Monday, Feb. 20, 1928

Pan-Americana

The Sixth Pan-American Conference at Havana (TIME, Jan. 16 et seq.) transferred most of its business, last week, from open and public committees to closed and secret subcommittees. With the consequent choking off of oratory, there ensued a modest modicum of progress: P: The text of a Pan-American Aviation Treaty was drafted. A vital clause confirms to the U. S. a right to make treaties with the Republic of Panama in such fashion as to exclude foreign air snoopers from the vicinity of the Canal. The treaty as a whole sponsors the "establishment and operation of practicable inter-American aerial lines and terminals."
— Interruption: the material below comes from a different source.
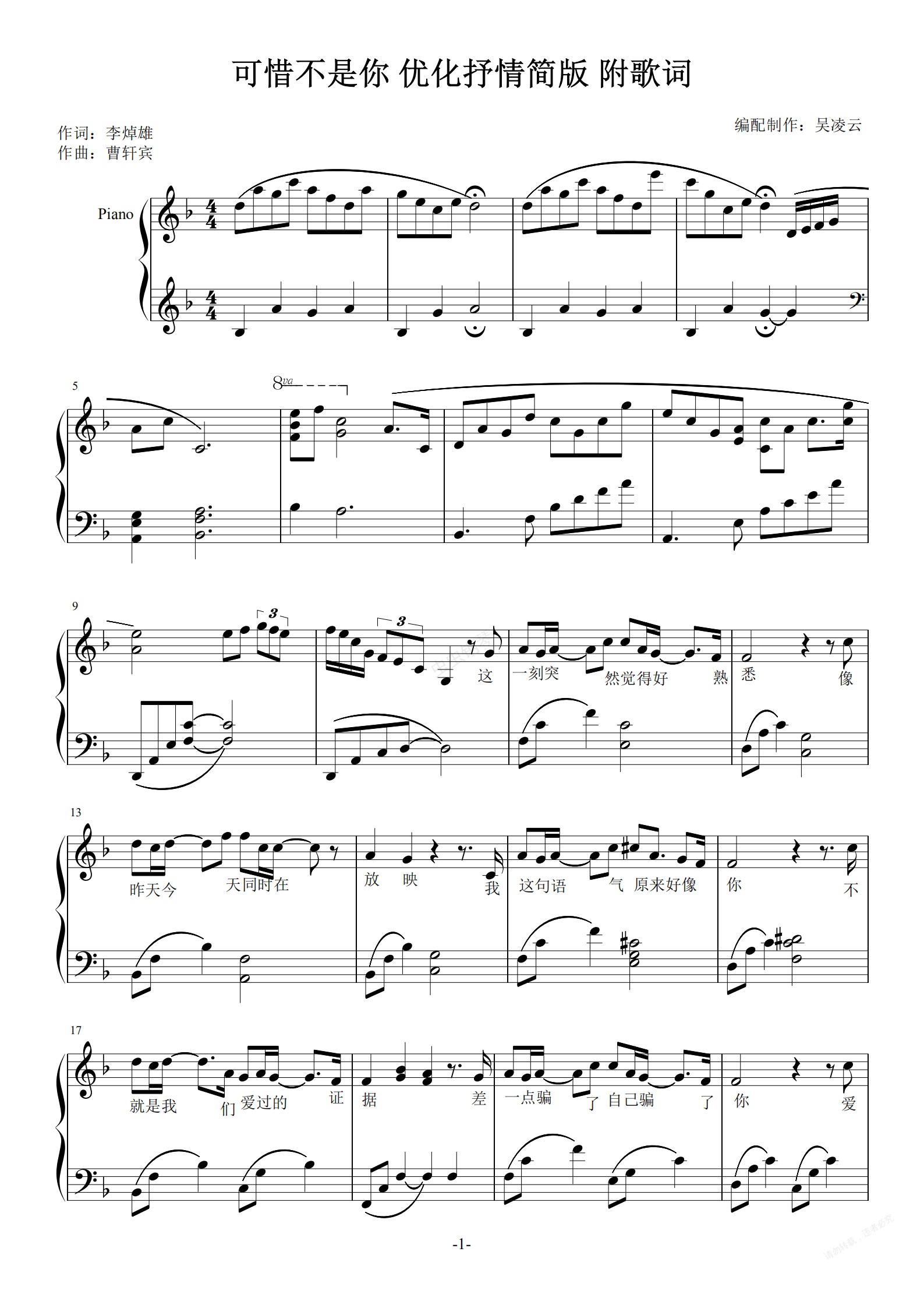 钢琴谱:可惜不是你 优化抒情简版 附歌词 吴凌云钢琴抒情版

In order to jam through the Canal protecting clause, U. S. Delegate Henry Prather Fletcher (also U. S. Ambassador to Italy) was obliged to declare roundly:

"We make no secret of our desire to control the Panama Canal in inter-American relations. The United States does not want a provision that might jeopardize our communications, east, west, north, south, in any attack from the air." P: The ambitious project of founding a "Pan-American League of Nations" by endowing the Pan-American Union- with political powers was sacked in subcommittee and finally in committee by an adverse vote in the ratio of two to one. P: The Conference solemnly and gallantly assembled to hear speeches in behalf of Pan-American womanhood.

Spoke "Miss" Doris Stevens, wedded wife of international divorce lawyer Dudley Field Malone. Keynoting for many a woman-group, she said:

"Men cannot feel as we do. . . . Since the beginning of time men with the best intentions have been writing laws for our good. Since the beginning of time brave and valiant women have been abolishing these same laws. . . ." P: Throughout the week Chief U. S. Delegate Charles Evans Hughes labored manfully in subcommittee to prevent the drafting into a code of Pan-American International Law of any clause which would tend to prevent the U. S. from intervening in Latin American countries.

*The permanent bureau or secretariat in Washington of the Pan-American Conference.